The Surprising Link Between Customer Complaints and Good Public Relations – Read This!

I was at a public relations conference over the weekend.

My head is still spinning from all of the information that I received and ideas that were shared. We heard from many speakers and participated in several breakouts. One particular breakout session, “Complaining is Good PR: Recovering from Crisis without Losing Customers,” was so interesting to me that I wanted to share with you some of my thoughts on what we learned about turning unhappy customers into happy gain as it pertains to good public relations!

The session speaker, Dr. Steven Stein, president and CEO of SOSS PR Marketing Communications Consulting, introduced us to The Advocacy Group which he founded back in 2000. He explained how they have partnered with businesses across the U.S. and abroad to help them recover from a variety of situations ranging from a product recall, an angry client on social media, a false news story or even a disgruntled employee going public with stolen confidential information.

In doing so, The Advocacy Group has compiled some interesting data about unhappy customers.

According to their research, customer complaints are good for business!
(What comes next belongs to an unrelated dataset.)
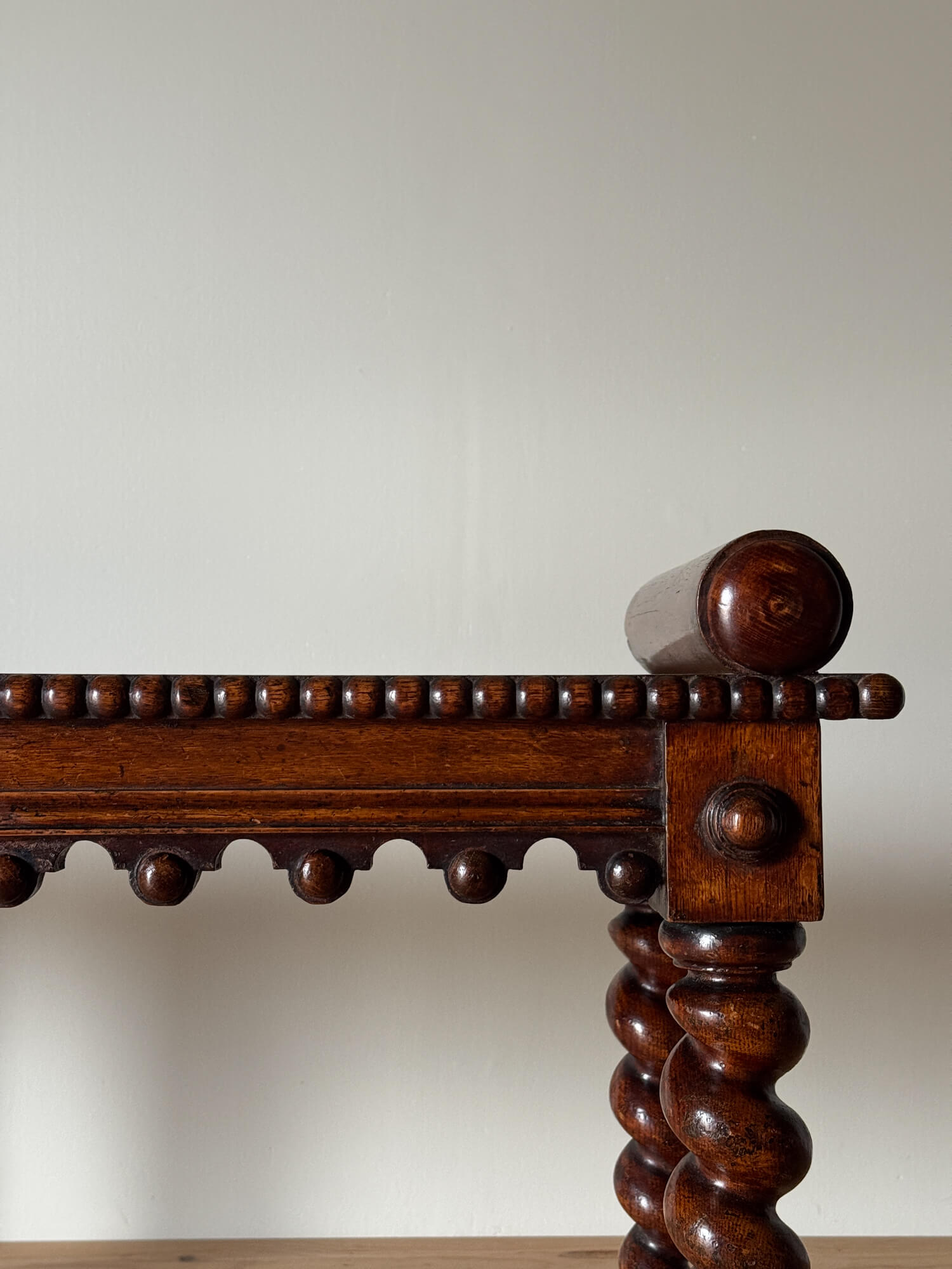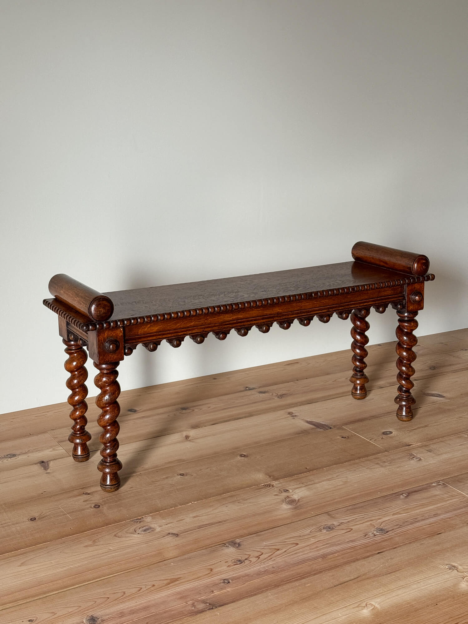 A wonderful oak bench with barley twist legs. Estimated to be late 1800s.

Dr. Stein said the number one complaint today is not spam email but rather unsatisfactory service. In fact, he said most unhappy customers don’t complain at all … they just take their business elsewhere. He went on to reveal that only nine percent of consumers who have had a complaint resolved posted about it online while 77 percent of those with an unresolved issue comment on Facebook! Again, unhappy customers don’t complain, they just take their business elsewhere.

When it comes to the financial impact of unhappy customers, The Advocacy Group has determined that when a customer uses negative words online, businesses lose an average of 14 percent in sales. When unhappy customers use positive language instead, companies not only gain back lost revenue but also an additional nine percent in sales. As for Facebook alone, Dr. Stein said your business can gain or lose $186 for every one dollar you spend on social media!

To increase your odds of winning over disgruntled clients or employees who decide to post negative comments about your company on the web, he offers these tips:

·    Listen closely to what they are saying and try to understand their perspective.  

·    Apologize immediately and sincerely.

·    Act quickly by reaching out to resolve the issue if it is within your control or explaining why you can’t help them if it’s not.

·    If the complaint is published online, do more than simply ask for a removal. Apologize and explain what you will do to resolve it in the future.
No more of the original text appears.